Towards the end of this fascinating book, MacCabe also compares Histoire(s) du
cinéma to Finnegans Wake, and having pursued the same grand comparison myself, I
can’t really reproach him for riding such a hobbyhorse. Central to all the above
remarks is the firm belief, vociferously shared and elucidated by Godard himself,
that cinema is worth being considered alongside the other arts; and considering
that MacCabe’s background is in literature (with Joyce a particular specialty),
it’s refreshing how often he brings extracinematic reference points to bear on his
subject.
This is a legacy MacCabe shares with many of his fellow former editors at Screen in
the 1970s, and it more than makes up for the fact that, like most other members of
that group, he’s never really been a film scholar. That he can allude to The Tiger
of Eschnapur and Journey to the Lost City as “two of Fritz Lang’s last films” —
apparently mistaking the latter for The Indian Tomb without realizing that it’s a
dubbed travesty combining and condensing Lang’s two “Indian” features — is an
unexceptional gaffe, worth mentioning only because I believe these features are
crucial to understanding Le mépris. Yet most film buffs who know these films
backwards and forward — and who will readily respond to MacCabe’s assertion that
“the level of Godard’s mastery of the production process is without obvious
parallel in the history of cinema” with the obvious parallel of Chaplin — know
little about Joyce, much less Brecht, Sartre, Althusser, Barthes, or Lacan. And
it’s MacCabe’s grasp of all six that suggest what’s valuable about his own
understanding of Godard — a sense of intellectual and cultural history.

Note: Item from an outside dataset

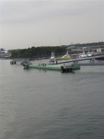The green pontoon is connected with a movable catwalk to the terminal village ashore.

The first and in some ways most valuable chapter, “Gods and Demi-Gods: The Monods
and the Godards,” is an exceptionally skillful account of Godard’s imposing family
background and privileged childhood, all the way up until his mother’s death from a
motorbike accident when he was in his mid-twenties. (It’s intriguing to discover
here that Godard’s maternal grandfather was Paul Valéry’s secretary and business
manager.) If the organization of materials tends to become somewhat looser as the
book develops, some of this undoubtedly derives from the complications of writing
about a living and still volatile figure. MacCabe obviously can’t tell us the whole
story — who could? — but he nonetheless adds appreciably to our factual and
intellectual understanding of the man.